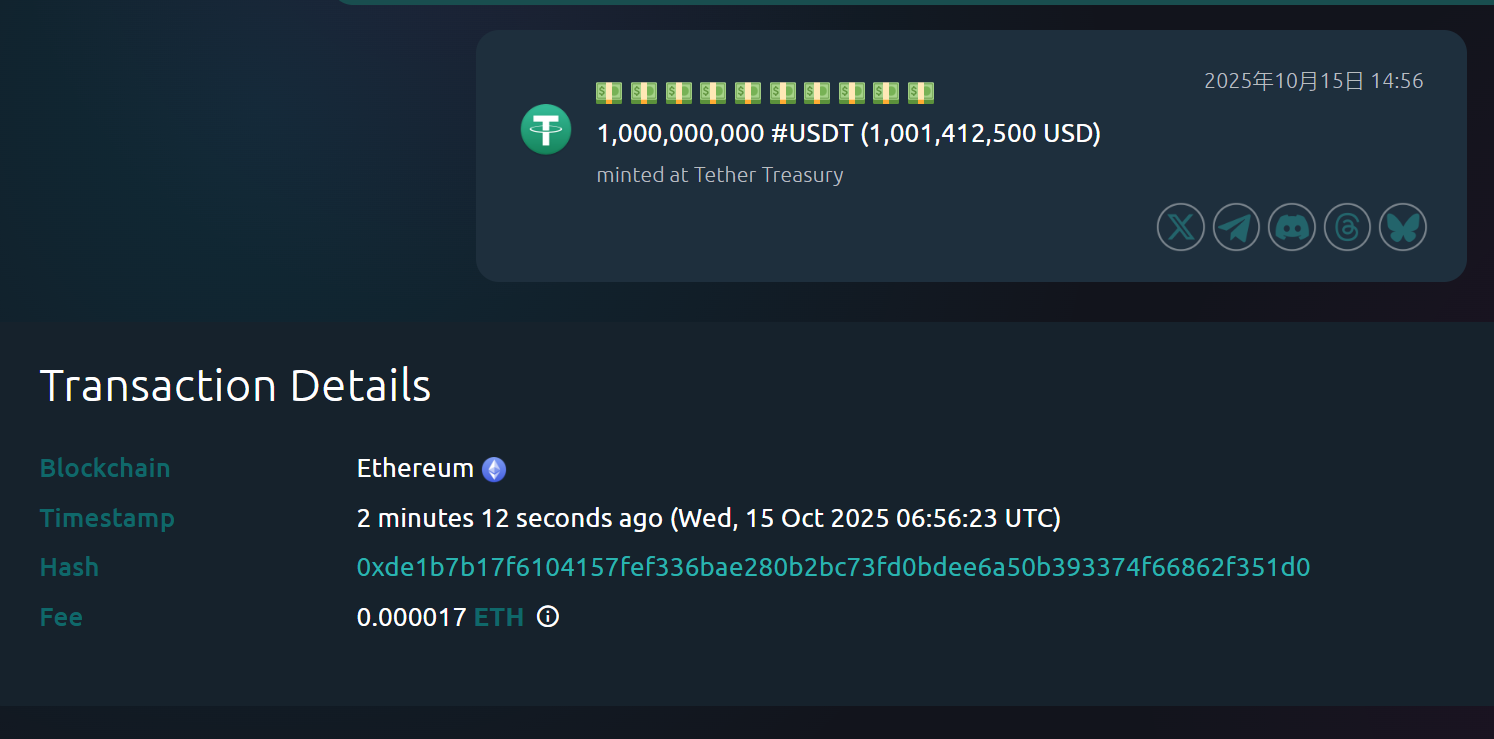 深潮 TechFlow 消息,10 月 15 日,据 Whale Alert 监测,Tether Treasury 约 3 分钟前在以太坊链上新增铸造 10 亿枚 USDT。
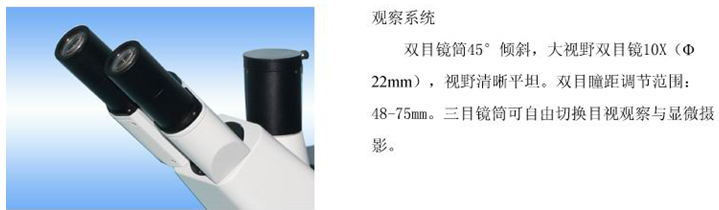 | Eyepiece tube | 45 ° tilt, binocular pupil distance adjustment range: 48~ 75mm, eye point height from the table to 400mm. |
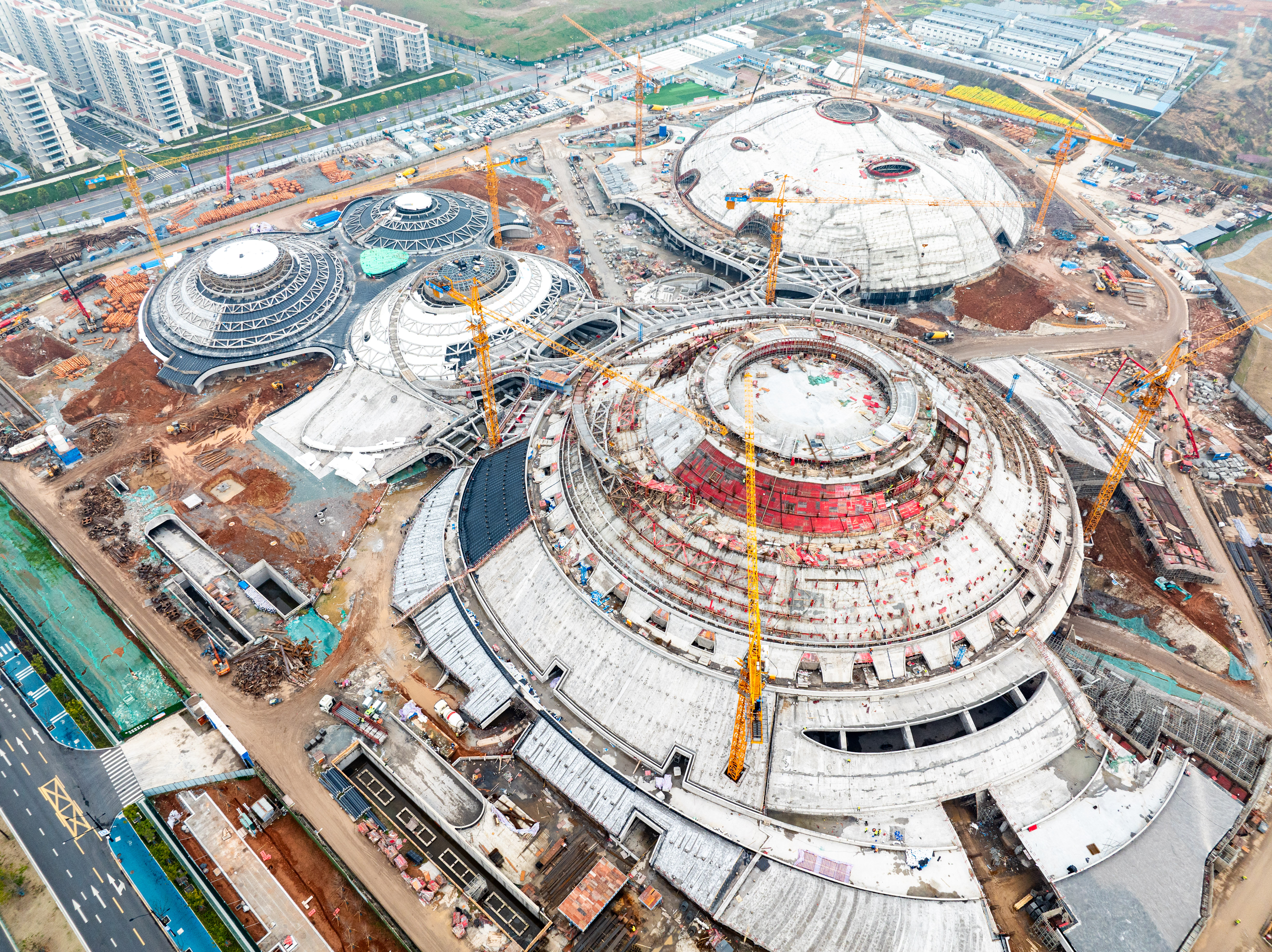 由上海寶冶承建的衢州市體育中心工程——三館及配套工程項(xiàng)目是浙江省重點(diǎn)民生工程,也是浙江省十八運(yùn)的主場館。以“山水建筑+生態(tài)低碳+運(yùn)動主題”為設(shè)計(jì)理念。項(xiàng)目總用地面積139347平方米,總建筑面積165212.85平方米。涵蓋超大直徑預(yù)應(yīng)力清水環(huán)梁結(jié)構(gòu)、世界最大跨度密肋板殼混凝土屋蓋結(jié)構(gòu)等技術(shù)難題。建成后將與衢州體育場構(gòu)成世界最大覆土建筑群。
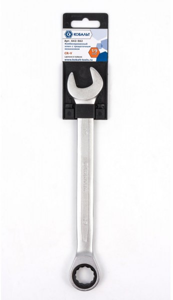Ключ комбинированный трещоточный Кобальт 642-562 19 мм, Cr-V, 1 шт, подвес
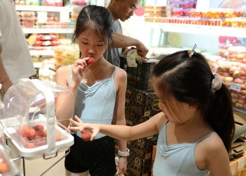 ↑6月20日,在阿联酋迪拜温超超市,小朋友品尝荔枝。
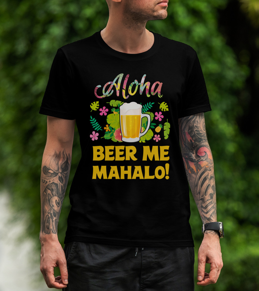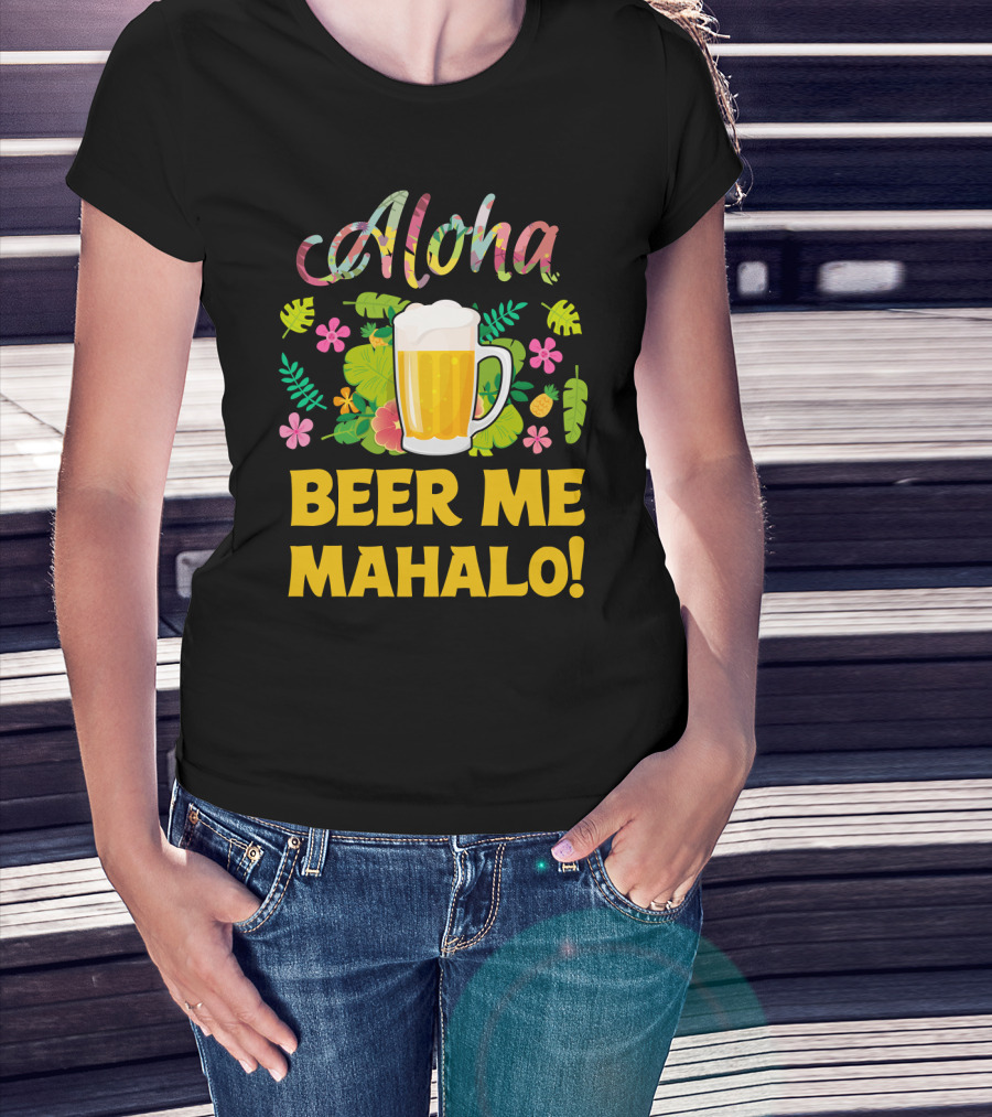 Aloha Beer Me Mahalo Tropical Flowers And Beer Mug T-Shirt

---

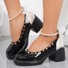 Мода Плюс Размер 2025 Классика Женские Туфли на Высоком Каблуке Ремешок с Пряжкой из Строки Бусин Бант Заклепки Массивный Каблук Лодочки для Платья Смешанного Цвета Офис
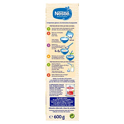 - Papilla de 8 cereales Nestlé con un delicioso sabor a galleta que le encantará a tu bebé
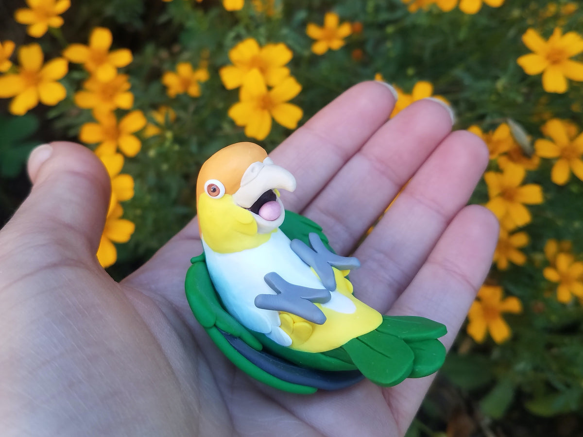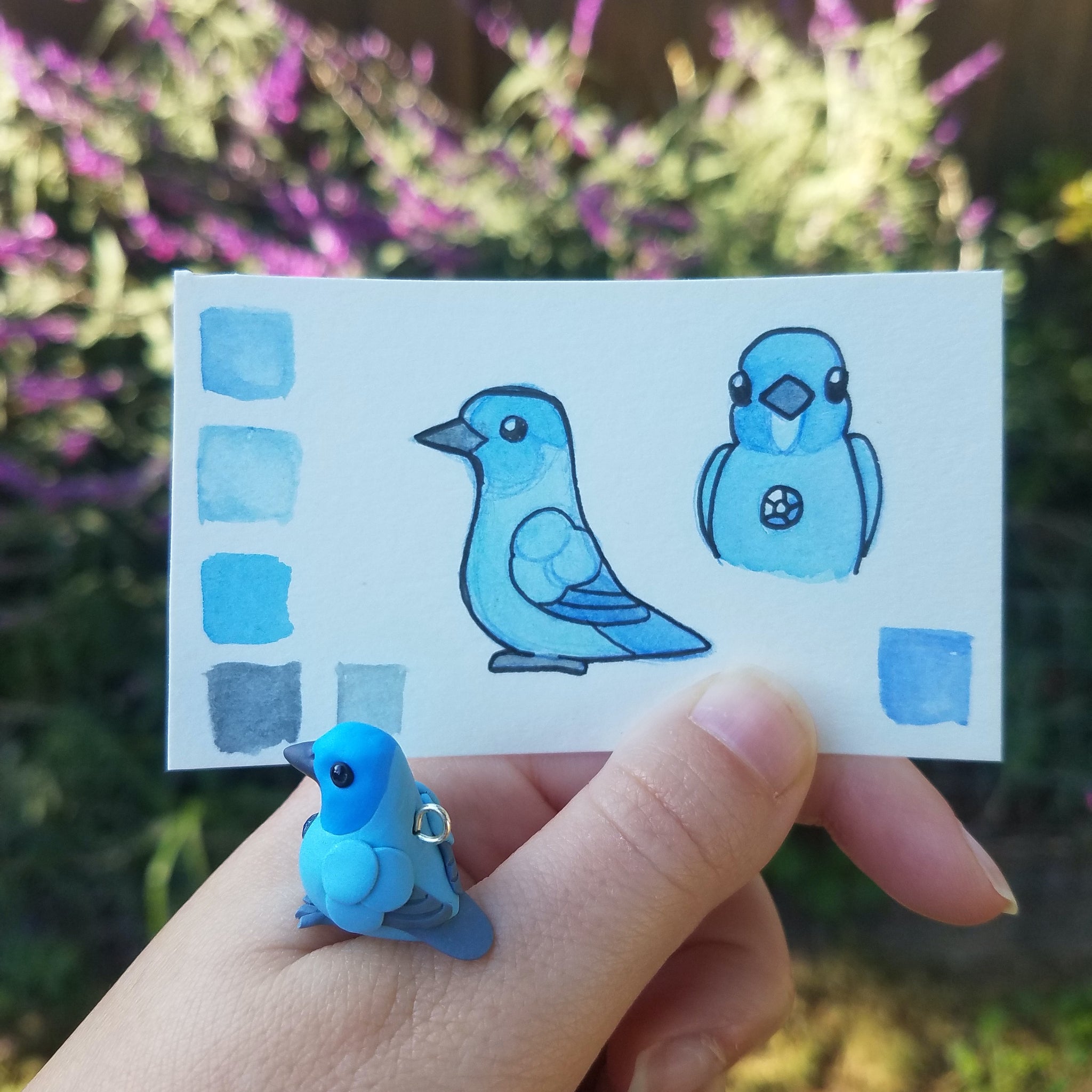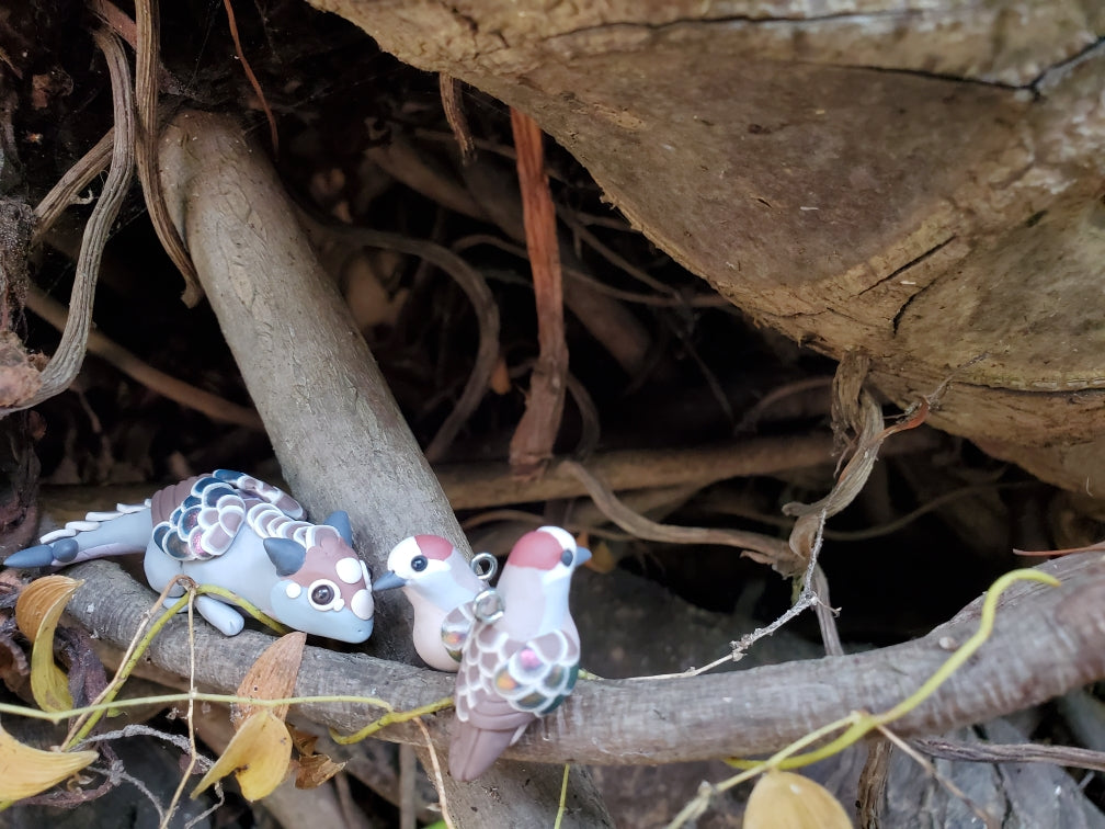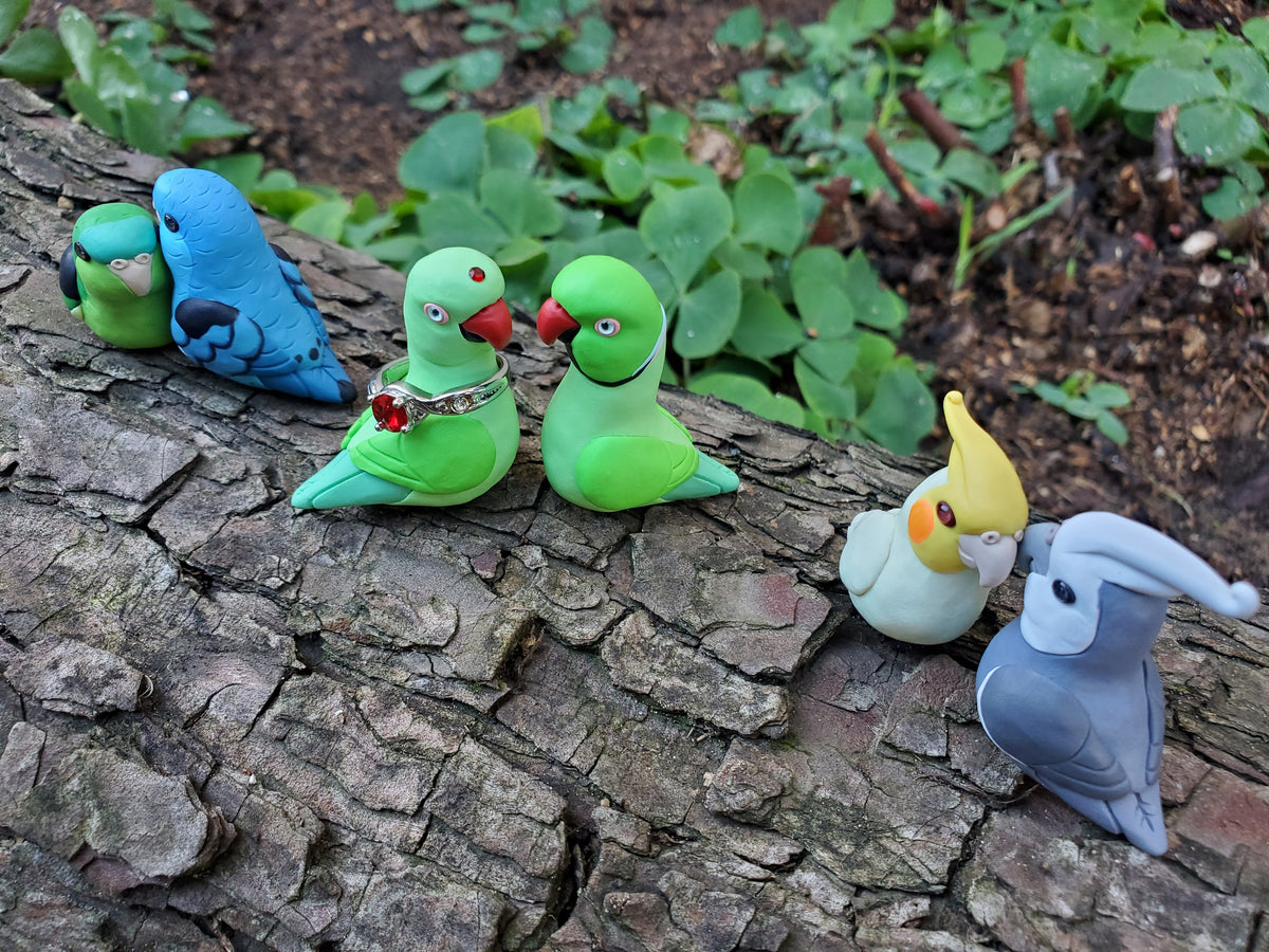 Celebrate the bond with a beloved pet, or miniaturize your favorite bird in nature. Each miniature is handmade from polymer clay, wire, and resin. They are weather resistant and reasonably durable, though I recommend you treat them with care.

→ Exercise goal
Could you repeat, exactly, only the lines above starting at the one that has "- Papilla de" and stopping after the one that has "Celebrate the bond", without the pictures?

→ Response below
 - Papilla de 8 cereales Nestlé con un delicioso sabor a galleta que le encantará a tu bebé
 Celebrate the bond with a beloved pet, or miniaturize your favorite bird in nature. Each miniature is handmade from polymer clay, wire, and resin. They are weather resistant and reasonably durable, though I recommend you treat them with care.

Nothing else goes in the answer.